▶ **INSTRUCTIONS FOR THE TASK**
Quote the records below in full, exactly as given, with the images taken out.

━━ SUPPLIED DATA ━━

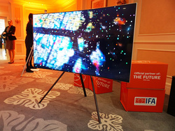 IFA GPCの会場ではTHE FRAMEシリーズの実機も展示されていた。正直に言って映像の解像度やコントラスト感はそこそこの出来映えという印象を受けたが、壁掛けスタイルで導入ができればそれなりのインパクトを持つ製品だと思う。プロダクト展示のコーナーで説明に立つサムスンのスタッフは「今後、欧州での導入に向けてインストーラーとのパートナーシップも強化しながら壁掛け設置を積極的に推していきたい」と語っていた。
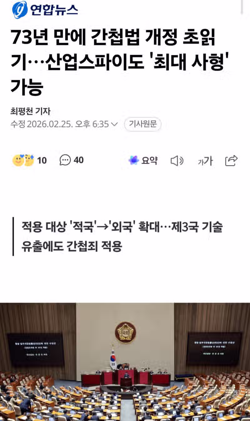 73년 만에 간첩법 개정 초읽기…산업스파이도 '최대 사형' 가능.news
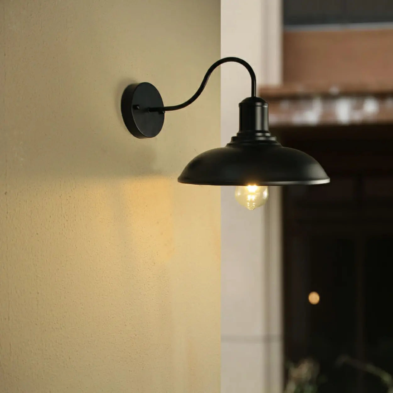 This nostalgic-style curved black metal wall lamp is perfect for outdoor scenes, adding retro charm to your patio and porch. Its unique design and durable material will become the finishing touch of your outdoor space.
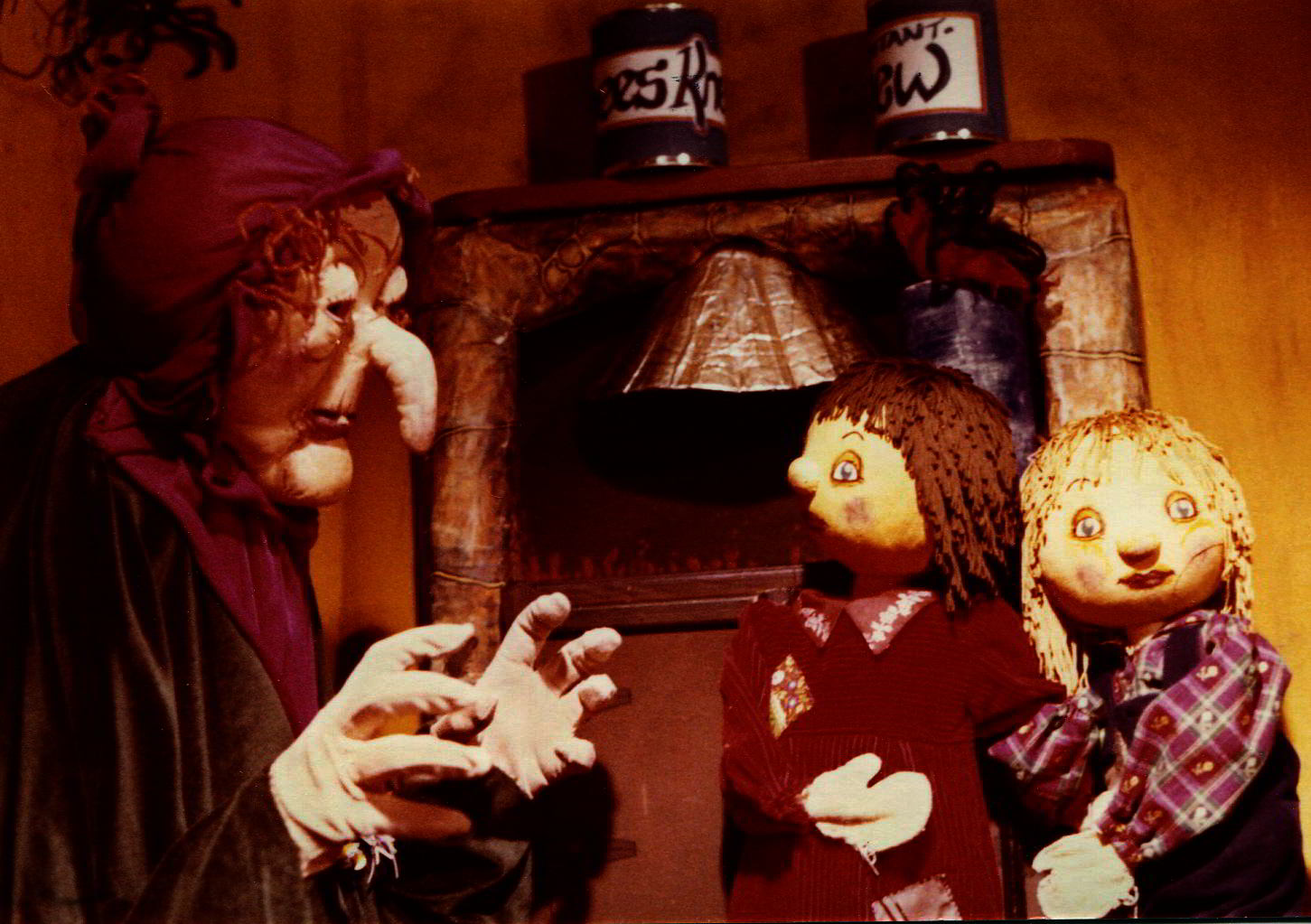 The second iteration of Hansel and Gretel was more portable and the fourth wall gave way to no walls. It played in non-theatre spaces using just a few puppets and objects, augmented with audience participation guided by a narrator.
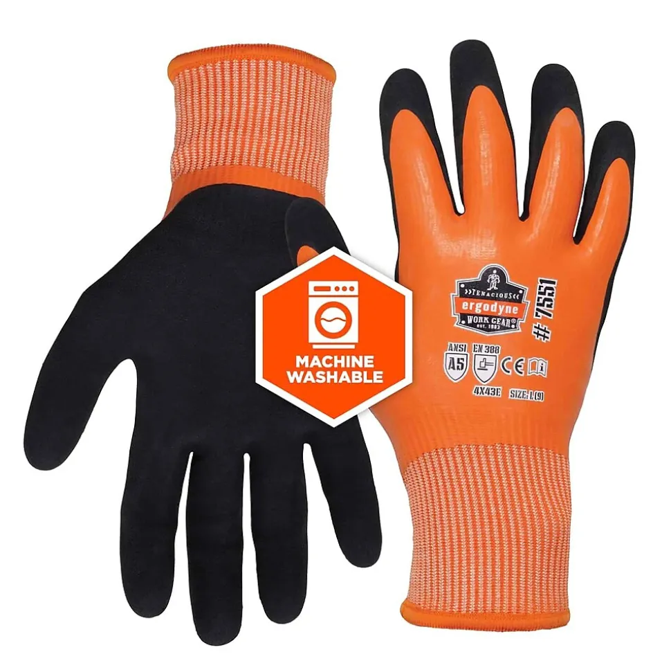 - DEXTERITY – Dual layer of latex and nitrile remains flexible in cold weather for easy handling of equipment and materials
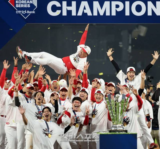 2024 프로야구 KBO 포스트시즌 KIA 타이거즈와 삼성 라이온즈의 한국시리즈(KS)는 시리즈 전적 4승 1패로 KIA의 통합우승으로 끝났다. 28일 광주 기아챔피언스필드에서 열린 5차전 이후 진행된 시상식을 마치고 선수들이 이범호 감독을 헹가래하하고 있다. 광주=김민규 기자 /2024.10.28/

━━━

▶ **EXERCISE RESPONSE**
 IFA GPCの会場ではTHE FRAMEシリーズの実機も展示されていた。正直に言って映像の解像度やコントラスト感はそこそこの出来映えという印象を受けたが、壁掛けスタイルで導入ができればそれなりのインパクトを持つ製品だと思う。プロダクト展示のコーナーで説明に立つサムスンのスタッフは「今後、欧州での導入に向けてインストーラーとのパートナーシップも強化しながら壁掛け設置を積極的に推していきたい」と語っていた。
 73년 만에 간첩법 개정 초읽기…산업스파이도 '최대 사형' 가능.news
 This nostalgic-style curved black metal wall lamp is perfect for outdoor scenes, adding retro charm to your patio and porch. Its unique design and durable material will become the finishing touch of your outdoor space.
 The second iteration of Hansel and Gretel was more portable and the fourth wall gave way to no walls. It played in non-theatre spaces using just a few puppets and objects, augmented with audience participation guided by a narrator.
 - DEXTERITY – Dual layer of latex and nitrile remains flexible in cold weather for easy handling of equipment and materials
 2024 프로야구 KBO 포스트시즌 KIA 타이거즈와 삼성 라이온즈의 한국시리즈(KS)는 시리즈 전적 4승 1패로 KIA의 통합우승으로 끝났다. 28일 광주 기아챔피언스필드에서 열린 5차전 이후 진행된 시상식을 마치고 선수들이 이범호 감독을 헹가래하하고 있다. 광주=김민규 기자 /2024.10.28/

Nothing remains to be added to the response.